Work item: Excluding pictures, what does the listing below contain from the line with "Хаски, Серый окрас, карие" up to and including the line with "Pırlantalı Oval Zümrüt Anturaj Kolye - 2050001 Pırlantalı", word for word?

========

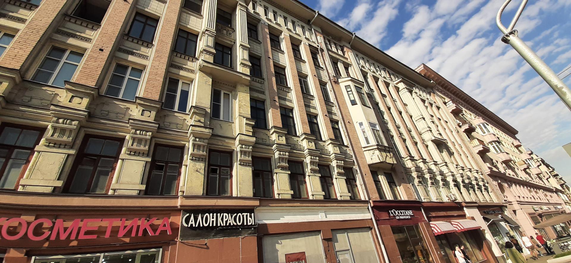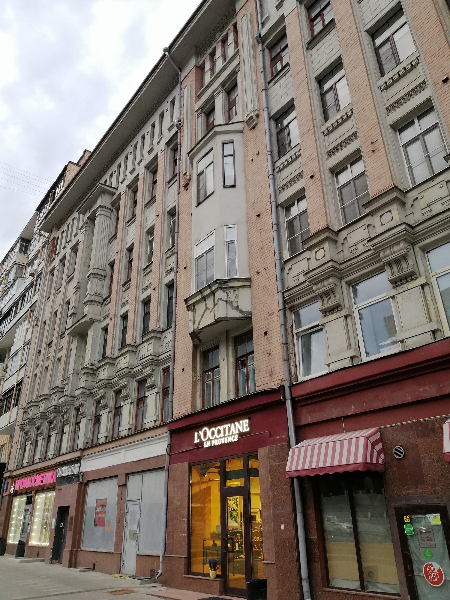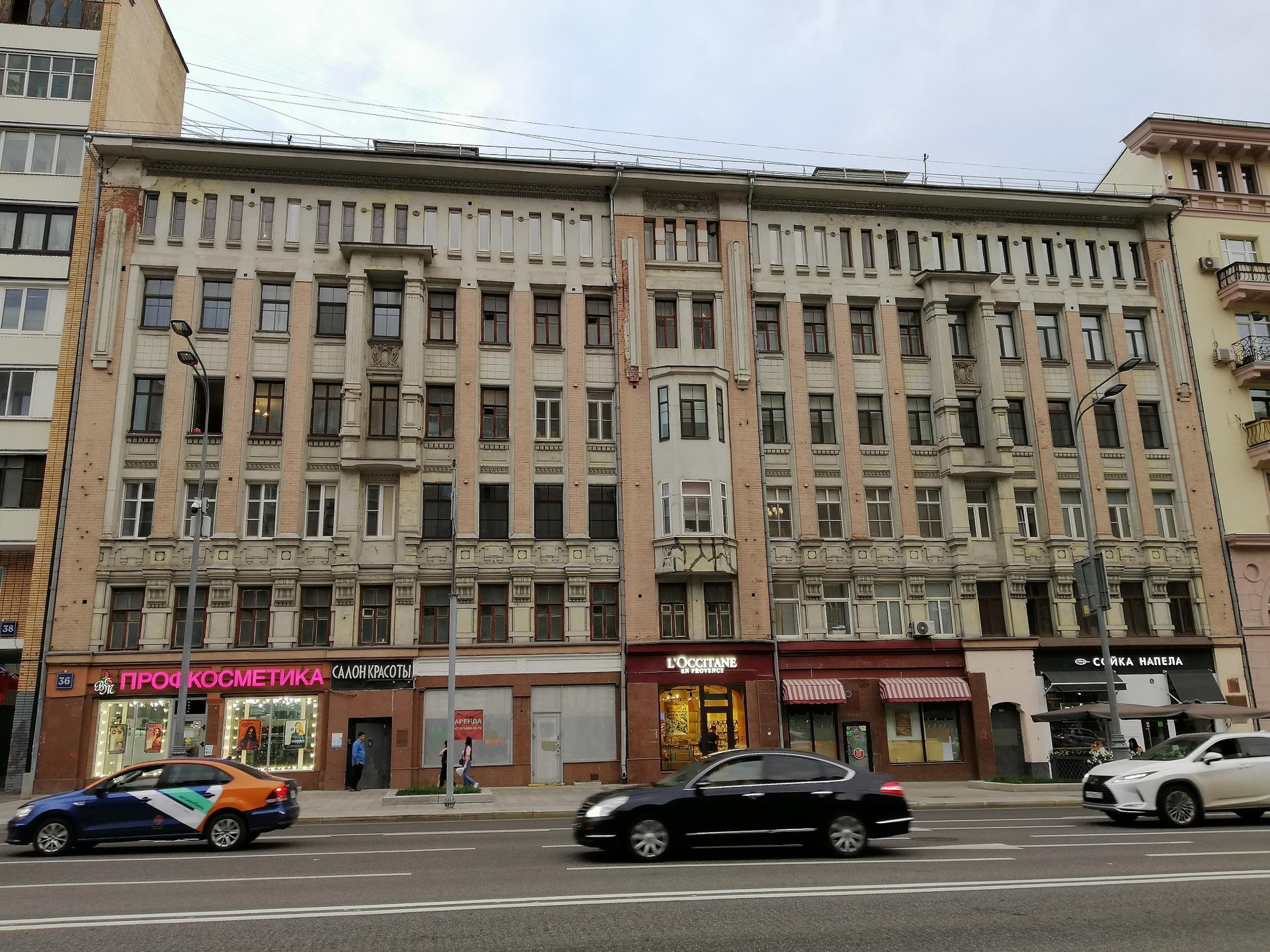 Здание доходного дома было построено в 1905 году по проекту архитектора Осипа Шишковского. Его возвели на месте деревянного двухэтажного строения. Разные части дома имеют разное количество этажей. Дело в том, что в 1904 году построили пятиэтажное здание, а год спустя перед ним — схожее по планировке шестиэтажное, и дома объединили. Фасад шестиэтажного корпуса (главный фасад здания) сейчас выходит на улицу Красная Пресня. На первом этаже дома располагались торговые помещения, в том числе молочная лавка и мануфактурный магазин, а в полуподвале — модная мастерская. В остальных помещениях находились квартиры.
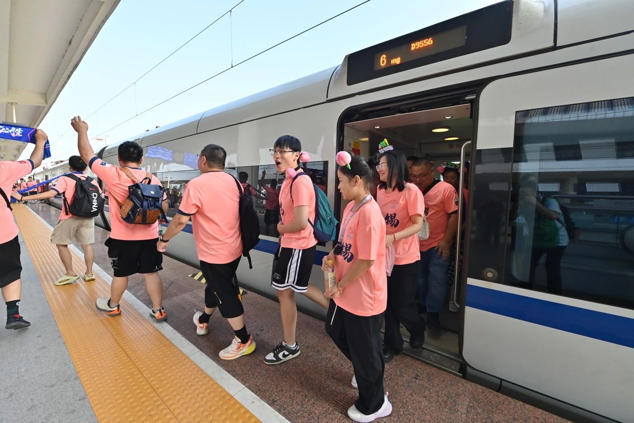 8月3日下午5點10分左右,載有700余名無錫球迷的D9556次專列抵達高鐵宿遷站。
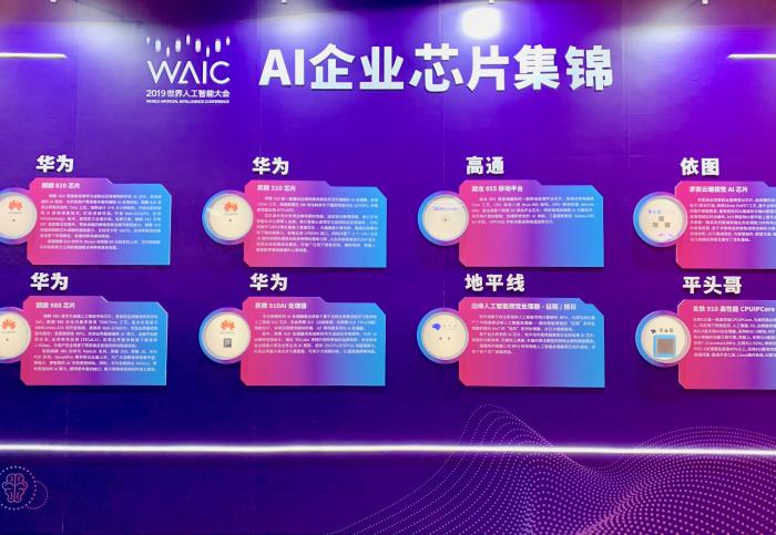 本届大会还在展览馆内设置了芯片墙,展示了各个企业发展人工智能芯片的最新成果,其中包括华为“麒麟810”、高通“骁龙855”、地平线“征程/旭日”系列、依图科技“求索”、平头哥“玄铁910”、紫光展锐“锐虎贲T710”等。
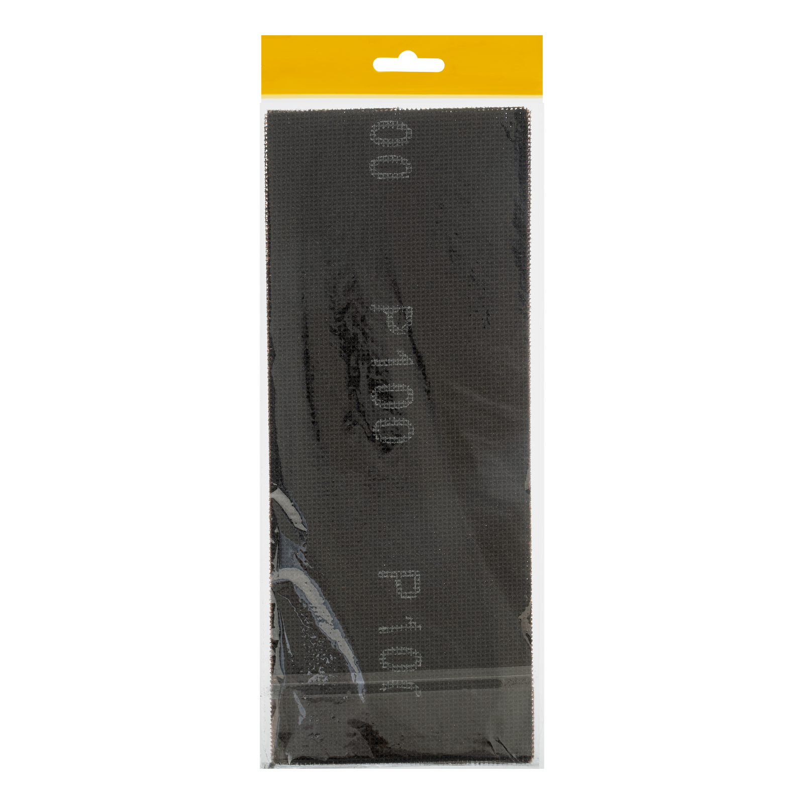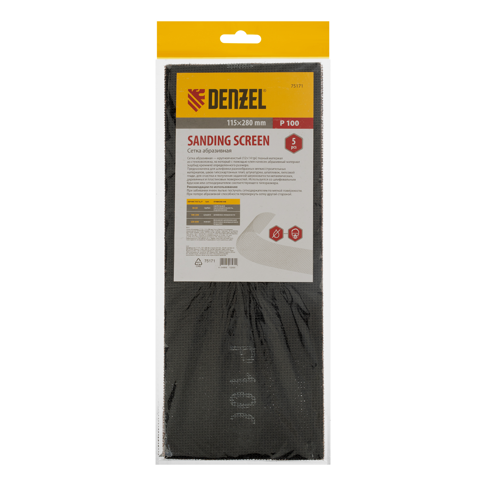 Абразивная сетка Denzel 75171 размером 115 х 280 мм, с зернистостью P 100, 5 шт. в упаковке, применяется для промежуточной шлифовки шпаклеванных поверхностей, а также твердой древесины и металла. Эффективно удаляет верхний слой материала, ржавчину и лакокрасочные покрытия, сглаживает заусенцы. Частицы карбида кремния долго не стачиваются и обеспечивают высокий рабочий ресурс сетки. Полотно совместимо с ручными шлифовальными приспособлениями — брусками и сеткодержателями соответствующего типоразмера.
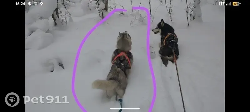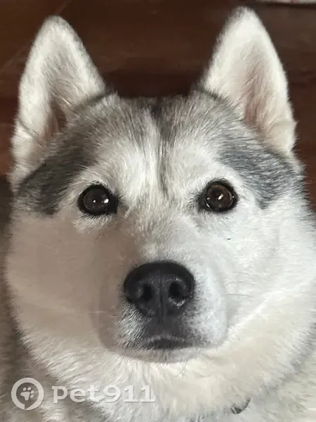 Хаски, Серый окрас, карие глаза, 5 лет. Была в серо-розовой шлейке и синем подтяге, как на фото.
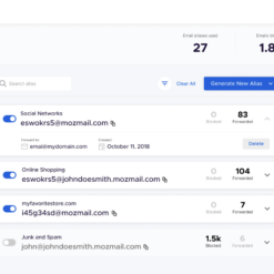 - 電子郵件遮蔽:生成隨機或自訂的 Email 別名 (Masks),將郵件轉寄至真實信箱,隨時可刪除別名以阻斷垃圾信。\
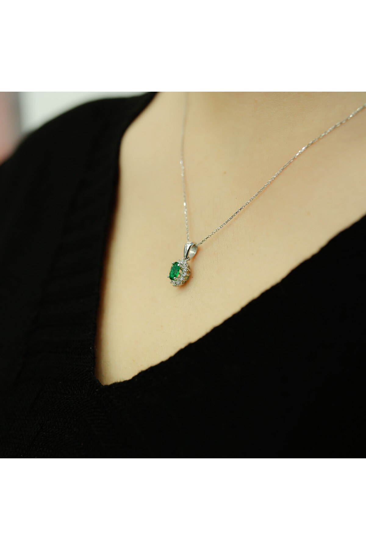 Pırlantalı Oval Zümrüt Anturaj Kolye - 2050001 Pırlantalı Oval Zümrüt Anturaj Kolye - 2050001 تک سایز
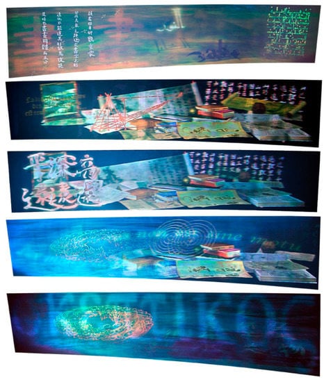 Graphis, 2009. Five views of the synthetic hologram, 3 m × 60 cm, created by author. (see: http://www.i-jacques.com/graphisen.html).
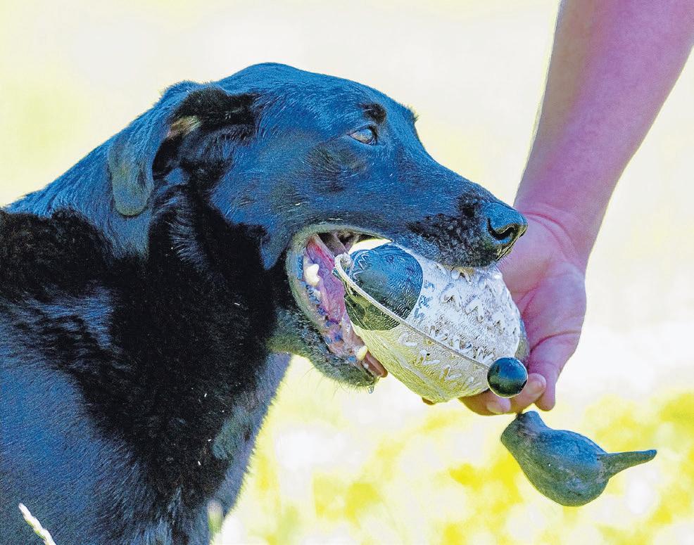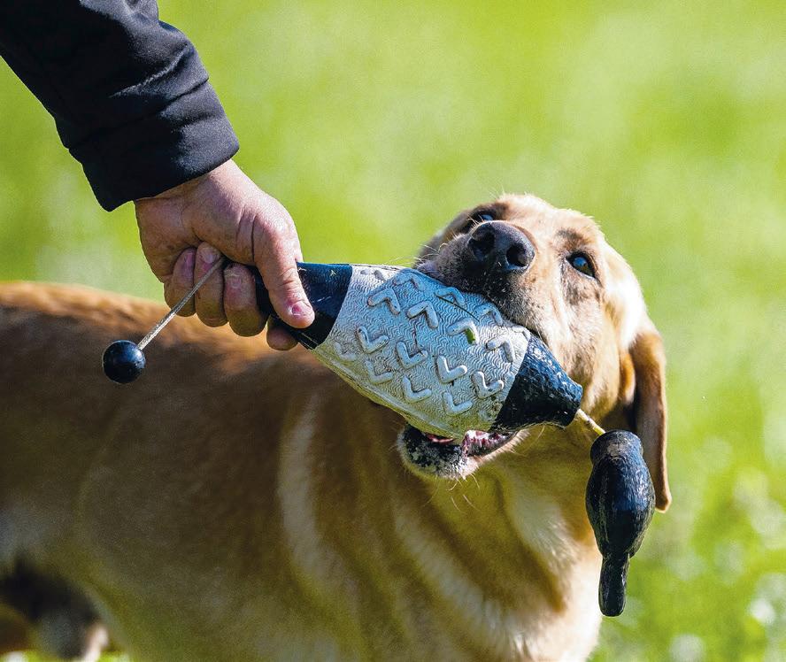 Piper returns to handler Scott Greer with a decoy duck.
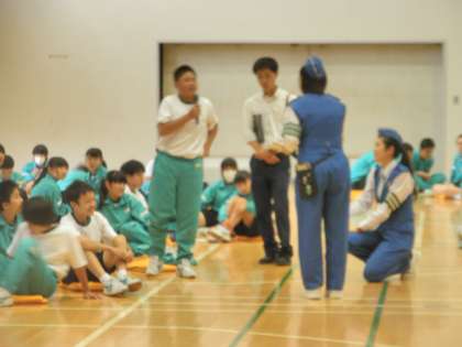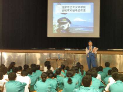 静岡県交通安全協会沼津地区支部から、交通指導員さん4人をお招きして、1年生対象に交通安全教室を開催しました。中学生の交通事故でいちばん多いのが「自転車」による事故だそうです。道路交通法の改正に伴い、路側帯の有無にかかわらず、自転車は必ず左側を通行することになっています。13歳になると歩道を走ることができません。(自転車歩道通行可の標識がある場合等は除きます。)帰りの会で、1年生には「中学生・高校生のための副読本 自転車セーフティ&マナー」という資料を配布しましたので、ご家庭でもご覧ください。
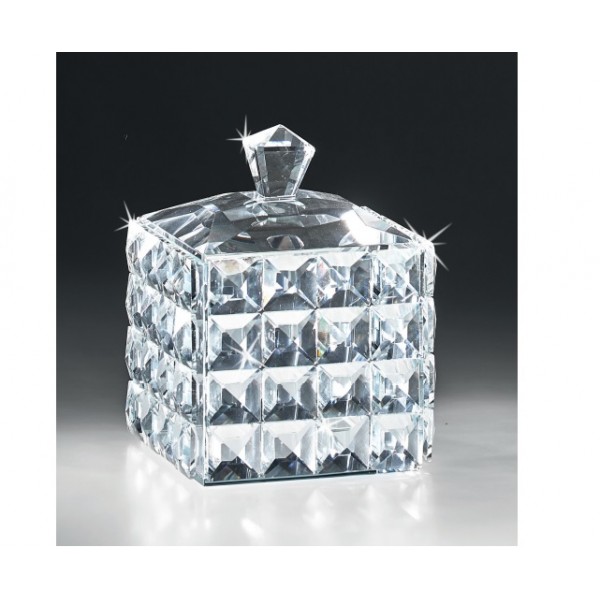 Ranoldi scatola portagioie in cristallo con coperchio, misure 13 X 13 X 17 CM.
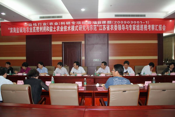 5月21日至23日,公益性行业科研专项“盐碱地农业高效利用配套技术模式研究与示范”项目组邀请江苏省、盐城市和东台市三级农业委员会的有关领导和专家,对滨海盐碱地农业高效利用技术模式研究与示范工作进行了现场检查,项目首席专家、中国科学院南京土壤研究所杨劲松研究员作了滨海任务江苏试验示范工作汇报。考查组充分肯定了江苏试区在滨海盐碱地农业高效利用与盐土农业关键技术与技术模式研发、技术规程制定、技术示范与推广、人才培养等方面取得的显著成绩。

========

Answer box:
 Хаски, Серый окрас, карие глаза, 5 лет. Была в серо-розовой шлейке и синем подтяге, как на фото.
 - 電子郵件遮蔽:生成隨機或自訂的 Email 別名 (Masks),將郵件轉寄至真實信箱,隨時可刪除別名以阻斷垃圾信。\
 Pırlantalı Oval Zümrüt Anturaj Kolye - 2050001 Pırlantalı Oval Zümrüt Anturaj Kolye - 2050001 تک سایز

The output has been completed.